А.П.Чехов. Письма.
«Мой «Медведь» следовало бы назвать «Дойной коровой». Он дал мне больше, чем любая повесть. О публика!»
«Нет, не завидую я Жану Щеглову. Я понимаю теперь, почему он так трагически хохочет. Чтобы написать для театра хорошую пьесу, нужно иметь особый талант; написать же плохую пьесу и потом стараться сделать из нее хорошую, пускаться на всякие фокусы, зачеркивать, приписывать, вставлять монологи, воскрешать умерших, зарывать в могилу живых – для этого нужно иметь талант гораздо больший. Это так же трудно, как купить старые солдатские штаны и стараться во что бы то ни стало сделать из них фрак. Тут не то что захохочешь трагически, но и заржешь лошадью.»
«Когда мне не везет, я храбрее, чем тогда, когда везет. Во время удачи я трушу и чувствую сильное желание спрятаться под стол.»
«Все мои кланяются Вам, а мать велела поблагодарить за то, что Вы накормили меня обедом. По ее мнению, я, бедный мальчик, ходил по Питеру голодный, высунув язык. Она никогда не обедала в ресторанах и не может поверить, чтобы официанты, люди совершенно чужие, могли накормить сытно. А у богачей, по ее мнению, обедать невозможно, так как в богатых домах дают очень немного супу и считают неприличным, если кто много ест. Вы же человек женатый, дети у Вас есть, стало быть, по ее мнению, и обеды у Вас настоящие, как быть должно.»

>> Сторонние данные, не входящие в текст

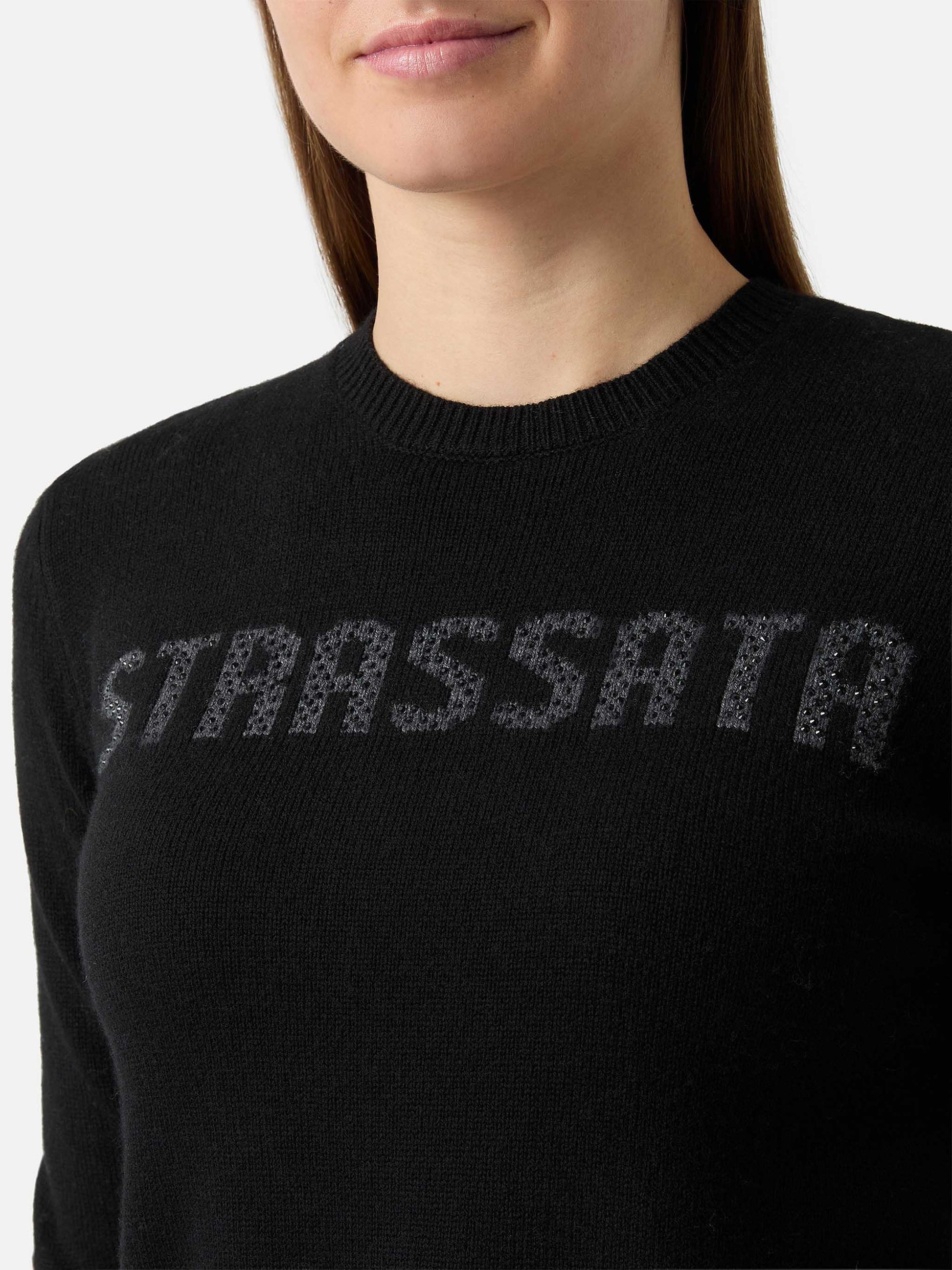 New Queen Crewneck in Weiß mit Strassato-Strassverzierungen

«Маслов называет актеров гаерами и низкими людьми. Это оттого, что они не играли еще в его пьесах. После того, как актеры сыграли моего «Иванова» они представляются мне родственниками. Они так же близки мне, как те больные, которых я вылечил, или те дети, которых я когда-то учил. Я не могу забыть, что Стрепетова плакала после III акта и что все актеры от радости блуждали, как тени; многого не могу забыть, хотя раньше и имел жестокость соглашаться, что литератору неприлично выходить на сцену рука об руку с актерами и кланяться хлопающим. К черту аристократизм, если он лжет.»
читать дальше
«Если пойдете на толкучку покупать мебель, то возьмите для меня ту балалайку (мандолину), которую мы видели висящею на двери одной мебельной лавки. Я отдам Вам десять целковых. Пришлите ее при оказии через контрагентство. На даче и на хуторе она очень пригодится.»
«Я бежал от сильных ощущений, как трус бежит с поля битвы. Все хорошо в меру, а сильные ощущения меры не знают.»
«На один и тот же сюжет могут писать 20 человек, не рискуя стеснить друг друга.»
«… Один экземпляр отдал брату-педагогу, другой присовокупил к своей публичной библиотеке (называю ее публичной библиотекой, потому что она обкрадывается публикой очень усердно).»
«Свободин говорил, между прочим, что Вы получили якобы письмо от какого-то родителя, у которого сын застрелился после моего «Иванова». Если это письмо не миф, то пришлите мне его, пожалуйста. Я его приобщу к тем письмам, какие у меня уже имеются относительно моего «Иванова».»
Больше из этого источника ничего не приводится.